Twenty years ago, this city taught me a huge lesson about loss, love, grief and recovery. Just a year after I moved here, Katrina took most of my belongings, many of my friends, and my way of life as I knew it. We trauma bonded, New Orleans and me. I loved the city before, but after I saw her in the dark night of grief, I loved her even more. There’s something about the joie de vivre in this place, its penchant for silliness, its abandonment to pleasure, that gives permission and even points to the wisdom of never allowing the worst of life to totally eclipse the best.

Darkness has a weakness, you know: it’s Light. In the depths of the earth, where there is utter darkness, the tiniest match light changes everything. There is no dark so dark that it can’t be broken by the smallest glimmer of light. Some of us, right now, are feeling the kind of pain that renders us immobile. There is a dark, heavy crushing of the heart when someone we love is snatched away. The crushed heart can’t move for a while. It can’t think. It can’t speak or make sense of anything. It cannot turn on the light for itself. When my own heart has experienced such a shattering, there were people… people in this very city… who turned on the light for me.

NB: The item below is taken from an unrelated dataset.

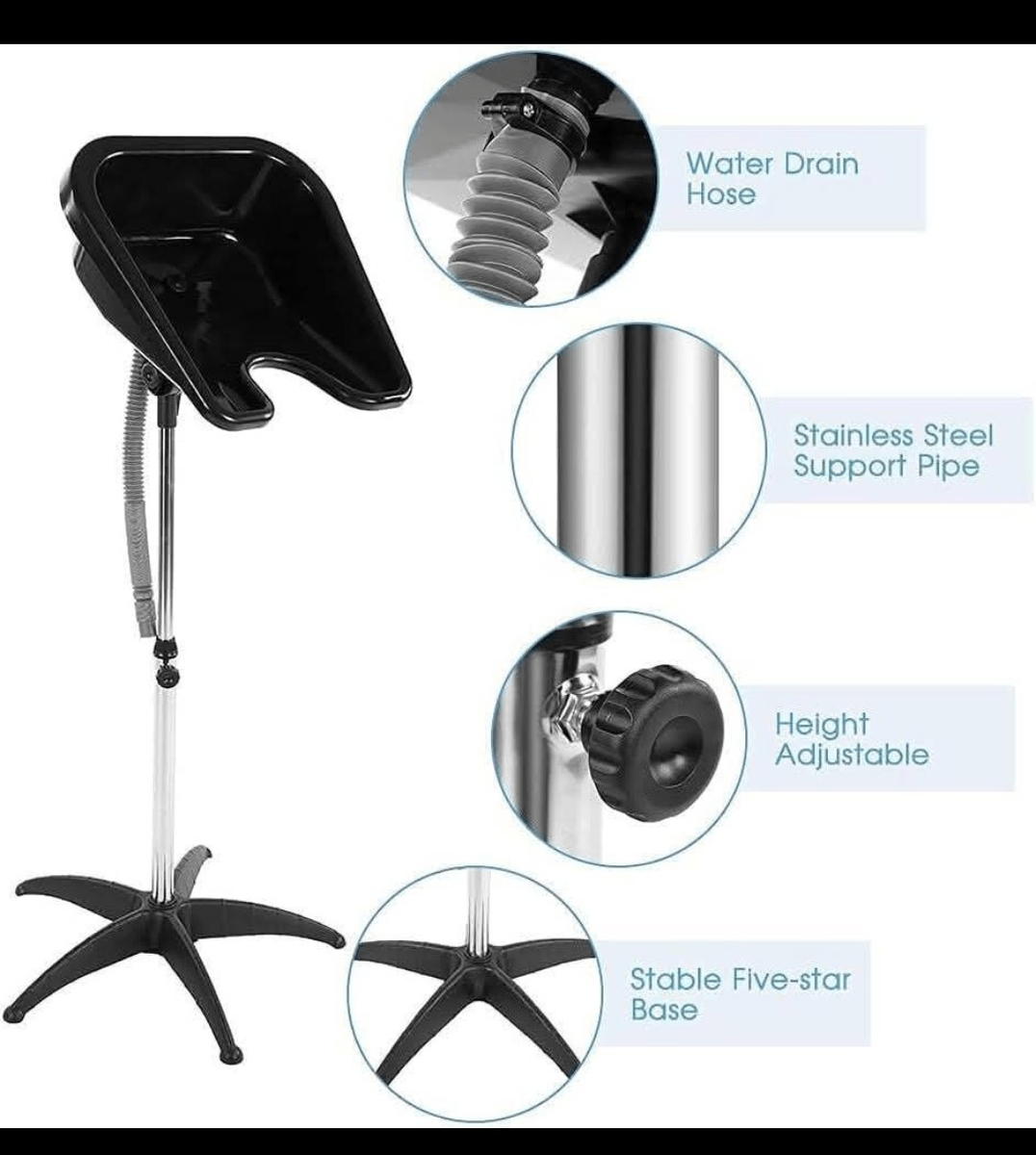 Idéal pour les salons et les soins à domicile, ce bac de shampooing réglable offre un confort optimal. Avec un tuyau de vidange pratique, un pied en acier inoxydable et une base stable à cinq étoiles, c'est la solution parfaite pour un soin professionnel.

How do we salvage a year that seems ruined before it began? How do we keep our hope alive? Those of us who can move, who can think, who have even the smallest ability, must let in the light. For some, that has meant chest compressions, running toward danger, and the actual neutralization of the evil threat. For some, it meant street cleaning, hand holding, song playing, or second line organizing. Others are feeding police and EMS workers, bringing flowers, paying tribute to those lost. Not everyone is at ground zero, but we can still let in the light. For us, that might mean refusing to let fear keep us away. It might mean the forgiving of a long held grudge. It might be as simple as letting someone go first in the post office line, or as risky as deciding to let ourselves love again.

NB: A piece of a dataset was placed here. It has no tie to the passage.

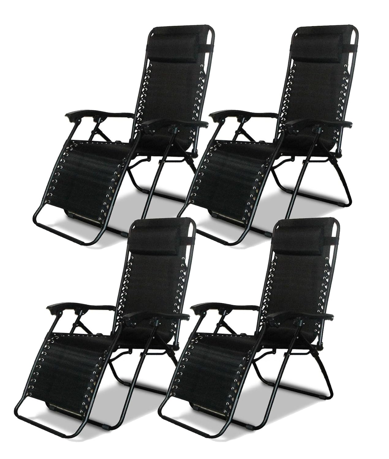 Dny textoline reclining garden chair beach sun lounger. Powder coated steel frame. Weather proof text line seat back and pillow. 2 X Black Textoline Reclining Chair Zero Gravity Garden Lounger.

Our beloved friends who cannot see through their grief right now will eventually see light again. They will honor their loves, they will take action, they will emerge from the paralysis of this loss forever changed, but able to move once again. The rest of us who’ve lost our sense of safety, our hope of a new beginning, we must realize that there is nothing stopping us from contributing our light to this dark situation. For those who cannot turn on the light for themselves right now, and for all of us, since none are spared from deep grief at some point in life, we must get good at shining the light. New Orleans is experiencing darkness right now, but she will never be defined by darkness because she is full of light. I see it every day and I am determined to let myself be one of her glittery accessories, contributing whatever light I can in this place.

Light. It’s a weapon undefeated, a force unstoppable, and every one of us has access to it. Sure, some days all we can muster is a spark, but a spark is all that’s needed, really. Letting in the light is how we will defeat the dark that has tried to steal the hope of a new year, the joy of a celebration, and the essence of a special city. I write this to remind myself, and hope to remind us all, that dark never had a chance of winning because there is light in each of us. This year must be far more than the moments of carnage on New Year’s morning, for the city of New Orleans, and for each of us personally. Every chance you get, every time you can, keep letting in the light.